Recently, I came across the Toulmin argument, a method developed by philosopher Stephen E. Toulmin.

This method breaks down an argument into six parts: claim, grounds, warrant, backing, qualifier, and rebuttal.

I was intrigued by the potential of this method and decided to implement a proof of concept for an automated analysis using Mistral AI Instruct.

Image credit: Purdue Online Writing Lab

A brief explainer of the Toulmin argument

The Toulmin argument method breaks down an argumentation in 6 parts:

  • Claim: This is the assertion that needs to be proven.
  • Grounds: These are the evidences and facts that support the claim.
  • Warrant: This is the assumption that links the grounds to the claim.
  • Backing: This provides additional support to the warrant.
  • Qualifier: This limits the scope of the claim.
  • Rebuttal: This acknowledges that other views are possible.

Document and argumentation analysis at scale

The use of a large language model for automated analysis is fascinating due to its scalability. Imagine being able to extract claims and argumentation from all scientific publications.

This could significantly aid research by building traceability of arguments, identifying weak links, strengthening arguments with credible sources, and providing definitive answers in disputed fields.

However, the aspect that excites me the most is the potential to combat misinformation, especially in the scientific domain. With the rise of fake news and misinformation, having a tool that can automatically analyze and validate scientific claims could be a game-changer.

To illustrate how this works, let's take a sample paper from Purdue Online Writing Lab and analyze it using the Toulmin argument method.

The paper asserts that all forms of Computer-Mediated Communication (CMC) should be studied to fully understand how online communication affects relationships. Let's dive in.

Implementation of the Toulmmin argument analysis with Mistral LLM

This is a basic proof of concept but the interesting code is mainly written in plain english:

class ToulminArgumentAnalysis:
    system_prompt = "You are a argumentation analysis expert"
    prompt = """
    Developed by philosopher Stephen E. Toulmin, the Toulmin
    method is a style of argumentation that breaks arguments down into six
    component parts:

    - claim
    - grounds
    - warrant
    - qualifier
    - rebuttal
    - backing.

    In Toulmin’s method, every argument begins with three fundamental parts:
    - the claim
    - the grounds
    - the warrant

    A claim is the assertion that authors would like to prove to their audience.
    It is, in other words, the main argument.

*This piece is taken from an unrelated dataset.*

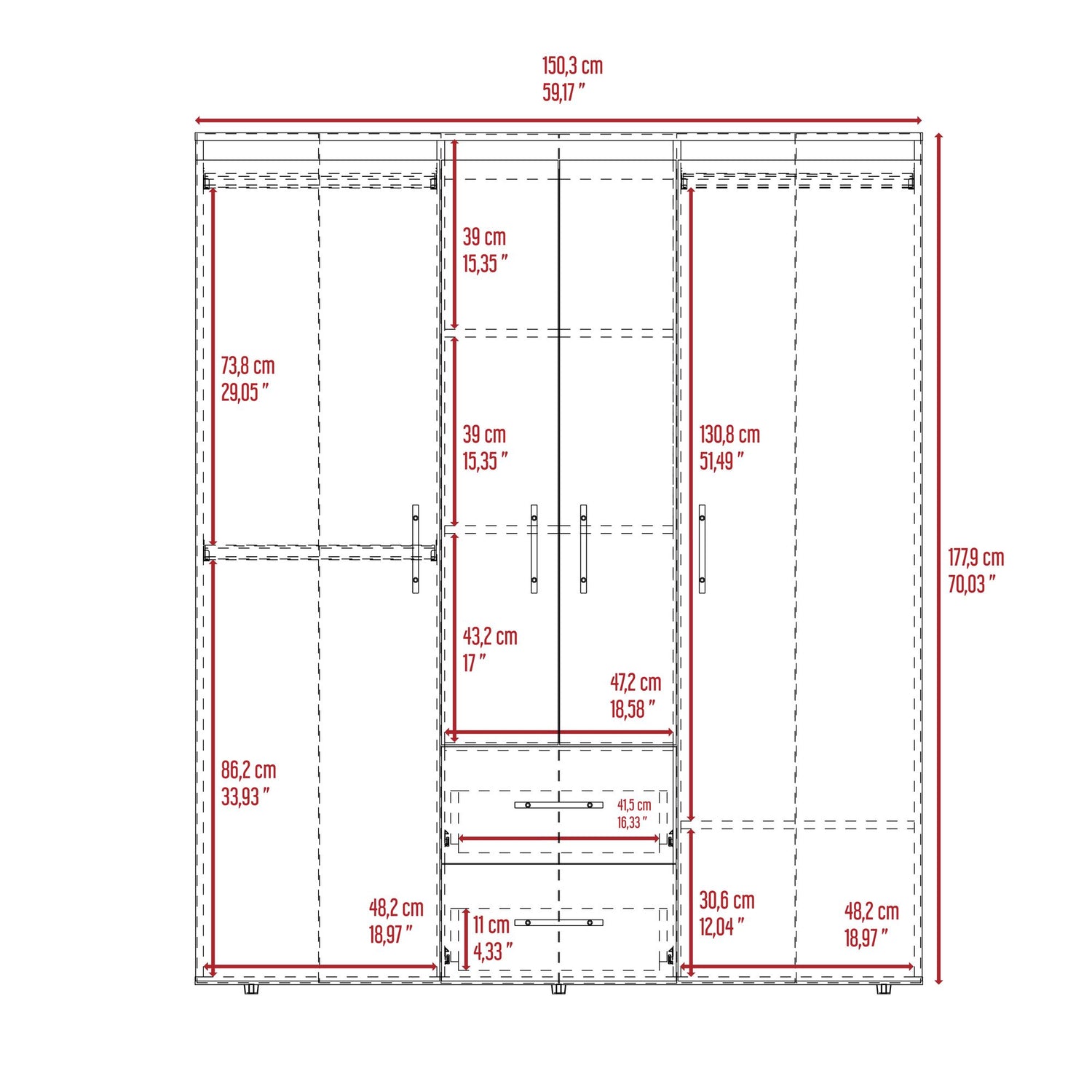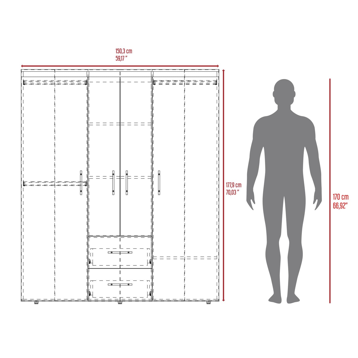Closet Bariloche Eco Fresno Europeo y Wengue 150.3x177.9cm Con Dos Cajones y Cuatro Puertas

    The grounds of an argument are the evidence and facts that help support the claim.

    Finally, the warrant, which is either implied or stated explicitly,
    is the assumption that links the grounds to the claim.

    Backing refers to any additional support of the warrant.
    In many cases, the warrant is implied, and therefore the backing provides
    support for the warrant by giving a specific example that justifies the warrant.

    The qualifier shows that a claim may not be true in all circumstances.
    Words like “presumably,” “some,” and “many” help your audience understand
    that you know there are instances where your claim may not be correct.

    The rebuttal is an acknowledgement of another valid view of the situation.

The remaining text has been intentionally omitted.